Should I pay off my debt?
Or make the monthly payments?
I’ve been asked this question a few times, but it’s not that simple there are a lot of factors to consider before making a big payment to crush that debt.
- Cash flow = debt service. Does your monthly income passive (preferably), and or active easily cover your debts, and is the debt helping your business grow? If you have a loan of $500 a month and you have a dividend portfolio that pays out that amount or more every month, then you might not want to pay it off. Because the debt is passively serviceable. If you can make an extra $1,000 a month or X amount by taking out a business loan or mortgage to grow your business, and you can service it through your business revenues then it may be a good idea to take on that debt.
- The amount. Is it just a small loan for $5,000 or is it a half million dollar mortgage or business loan. A small loan may be just an annoyance to you every month. A few grand on a credit card or even a small HELOC loan. You might just want to get rid of it as a convenience factor.
- Is the debt able to be written off on your taxes. Student loans, mortgages, certain business loans may be able to be written off on your income tax, to lower your overall tax burden. The amount might not be that much in the case of student loans, however there may be important deductions that you’re able to receive on your taxes. You have to consider, does the tax benefit outweigh the payments? Talk to your tax preparer.
- What is the interest rate of the debt vs. your cash/investment account. If your debt interest rate is lower than what your investment accounts are making and back to the first point, its serviceable, then don’t worry about it. If your debt is extremely high like a 25% credit card, then yes you must pay that off immediately. Another good example is if your loan on a rental property comes to $1000 total every month, but your rental income is more than that, then obviously just let the debt be serviced. There is an advanced strategy where you will have the inverse, called Negative Gearing. This is where your mortgage is higher than your rents but you will be holding onto the house for a short period of time and sell for appreciation, while also helping to limit your taxable income. Always consult a tax professional.

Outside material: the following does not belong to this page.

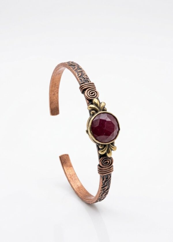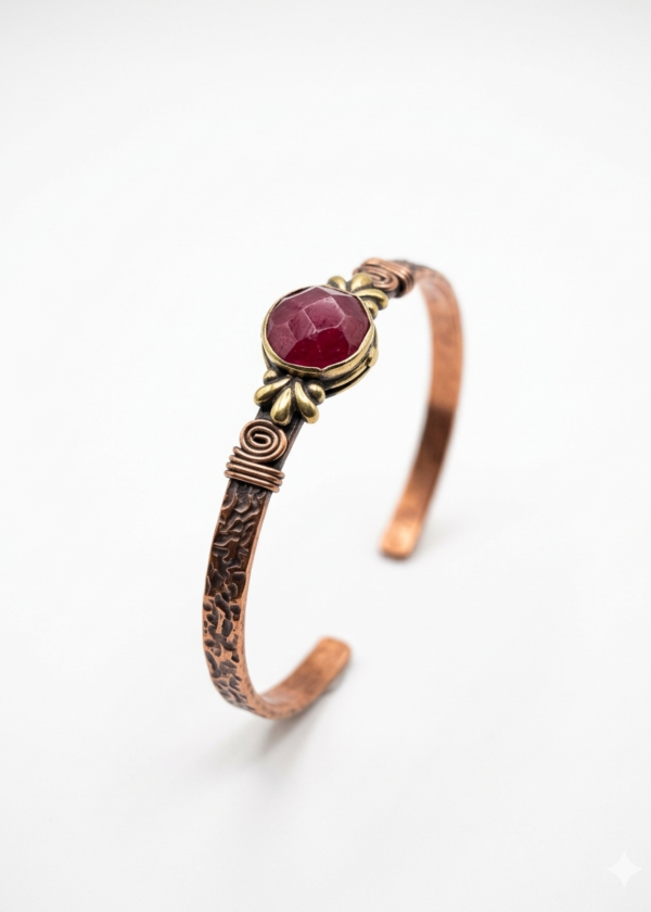 El İşçiliği Dövme Bakır Kelepçe Bileklik | Doğal Kırmızı Taşlı (Granat/Lal) Otantik Tasarım | Ayarlanabilir Boho Bilezik

- What is the amount of your cash reserve. Are you going to deplete a big chunk of your cash reserve to pay off this debt, you’ll have the convenience of no debt but what if something comes up in your business or personal life where you need cash and don’t have it. It may not be worth it to pay off the debt. If you pay an extra $5,000 on a $100,000 loan, what’s the point? It won’t make a difference. Do be so anxious to pay off the debt. You always need a cash reserve for emergency situations.
These are the points I consider when paying off a loan. I have made mistakes before and have been cash poor. When you consider these 5 points before paying off debt you can be sure not to make the same past mistakes I have. Think logical about it and don’t get too emotional or excited to be debt free. It’s a good feeling not to have debt, but at what expense.